May 14 2007
The Supervisory Board of ThyssenKrupp AG today approved the €3.1 billion investment in a steel mill to be operated jointly by the Steel and Stainless segments in Mount Vernon in the US state of Alabama. The plant is scheduled to start operation in 2010. Due to its high cost efficiency, Mount Vernon is the ideal location. The joint plant will employ 2,700 people and generate at least 38,000 indirect jobs in the region over the next 20 years. Executive Board Chairman Dr. Ekkehard Schulz: “This project is a central element of the Group’s strategy for the Steel and Stainless segments, aimed at achieving profitable growth in Europe and North America. It will considerably strengthen ThyssenKrupp’s position in North America.”
North America is one of the biggest volume markets for high-grade flat carbon steel. ThyssenKrupp Steel is strongly positioned in the market for flat carbon steel and occupies leading positions in a number of specific segments. The company offers technological advantages for demanding customers, coupled with a favorable cost structure. ThyssenKrupp Steel will leverage these advantages in North America. The region is currently the world’s biggest importer of flat steel and will continue to rely heavily on imports in the future.
Low-cost slabs will be supplied from the new steel mill in Brazil. The €3 billion facility near Rio de Janeiro is scheduled to start production in 2009 with a capacity of 5 million tons of slabs per year. At the same time ThyssenKrupp is building the most advanced plant of its kind in North America to process these slabs. Schulz: “This combination of cost and quality leadership can only be achieved with the new steel mill. At the same time, ThyssenKrupp is investing over €700 million to strengthen its German facilities and its market position in Europe.” The special feature of the steel mill is that it will be a combined plant for flat carbon steel and stainless steel.
The project in the USA is a central element of ThyssenKrupp Stainless’ growth strategy. This strategy is aimed at both securing the company’s position in its European core market and exploiting options on other interesting markets. Through direct entry to the USA, the Stainless group aims to sustainably expand its business in North America. Significant growth is forecast for the USA, Canada and Mexico. Experts predict average growth rates of over 3 percent per year in the NAFTA region up to 2012. ThyssenKrupp Stainless intends to participate in this growth of the North American market.
In recent years, ThyssenKrupp Stainless has established an outstanding position in the NAFTA region. The Stainless group is already active on the North American stainless market through its Mexican cold rolling operation ThyssenKrupp Mexinox in San Luis Potosí and through imports from its plants in Germany, Italy and China. Distribution is handled by a highly-efficient Chicago-based operation. The new plant will enable ThyssenKrupp Stainless to sustain its high share of the fast-growing Mexican market and significantly strengthen its position in the USA and Canada.
The central element of the new plant will be a jointly used hot strip mill with a capacity of up to 5.2 million metric tons per year. It will process 3 million tons of slabs from the new ThyssenKrupp CSA steel mill in Brazil and produce 4.1 million metric tons of flat carbon steel end products per year. Cold rolling and hot-dip coating capacities will also be installed for premium carbon steel end products.

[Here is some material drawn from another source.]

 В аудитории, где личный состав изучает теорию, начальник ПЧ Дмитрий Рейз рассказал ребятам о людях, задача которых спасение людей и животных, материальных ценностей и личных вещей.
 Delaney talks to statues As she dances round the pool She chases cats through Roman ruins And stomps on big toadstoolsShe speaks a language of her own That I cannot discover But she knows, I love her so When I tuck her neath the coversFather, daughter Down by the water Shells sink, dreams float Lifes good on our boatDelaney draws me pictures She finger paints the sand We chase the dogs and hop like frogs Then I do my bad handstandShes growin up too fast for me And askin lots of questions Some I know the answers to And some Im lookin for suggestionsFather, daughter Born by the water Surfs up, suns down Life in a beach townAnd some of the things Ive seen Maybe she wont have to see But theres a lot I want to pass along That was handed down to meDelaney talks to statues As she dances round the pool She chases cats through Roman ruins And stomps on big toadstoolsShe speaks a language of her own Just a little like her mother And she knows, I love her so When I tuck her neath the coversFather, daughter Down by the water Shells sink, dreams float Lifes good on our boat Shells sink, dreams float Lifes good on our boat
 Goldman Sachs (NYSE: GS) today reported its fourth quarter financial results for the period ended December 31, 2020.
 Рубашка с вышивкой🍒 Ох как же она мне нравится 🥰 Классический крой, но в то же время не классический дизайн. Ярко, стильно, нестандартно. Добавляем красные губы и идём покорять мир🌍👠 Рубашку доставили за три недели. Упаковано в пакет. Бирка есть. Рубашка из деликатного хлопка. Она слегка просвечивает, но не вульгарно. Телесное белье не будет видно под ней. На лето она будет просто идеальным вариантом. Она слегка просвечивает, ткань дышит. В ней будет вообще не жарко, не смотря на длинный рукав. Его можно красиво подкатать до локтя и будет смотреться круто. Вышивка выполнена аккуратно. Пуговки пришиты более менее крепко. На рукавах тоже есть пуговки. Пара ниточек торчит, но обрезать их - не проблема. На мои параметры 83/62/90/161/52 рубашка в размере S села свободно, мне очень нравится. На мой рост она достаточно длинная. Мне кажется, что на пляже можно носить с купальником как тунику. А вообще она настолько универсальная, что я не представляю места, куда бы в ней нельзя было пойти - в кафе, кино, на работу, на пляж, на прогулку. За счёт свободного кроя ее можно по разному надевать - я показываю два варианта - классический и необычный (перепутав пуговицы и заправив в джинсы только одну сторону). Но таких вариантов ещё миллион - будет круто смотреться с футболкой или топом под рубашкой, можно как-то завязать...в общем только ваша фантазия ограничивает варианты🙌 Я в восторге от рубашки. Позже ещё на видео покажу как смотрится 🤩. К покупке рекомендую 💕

In addition, ThyssenKrupp Stainless will build an electric steel plant with a capacity of up to 1 million metric tons of slabs per year which will be rolled on the hot strip mill. A cold rolling facility is also to be erected which, in the first phase, will be designed to produce 350,000 tons of cold-rolled strip and 125,000 tons of pickled hot-rolled material. A further 340,000 tons of stainless hot-rolled produced on the hot strip mill will be supplied to the ThyssenKrupp Mexinox cold rolling facility in San Luis Potosí (Mexico).
The level of investment will be €2.3 billion at ThyssenKrupp Steel and €0.8 billion at ThyssenKrupp Stainless. The original investment volume of €2.3 billion was raised to €3.1 billion because higher capacities and extended plant configurations were shown to be feasible and economic. Beyond the original model, ThyssenKrupp Steel will install additional equipment to further diversify its product portfolio. ThyssenKrupp Stainless will increase its capacity and broaden its flat stainless steel product mix. In the future the company will also be able to supply products in widths of 72 inches, giving it a unique position on the US market.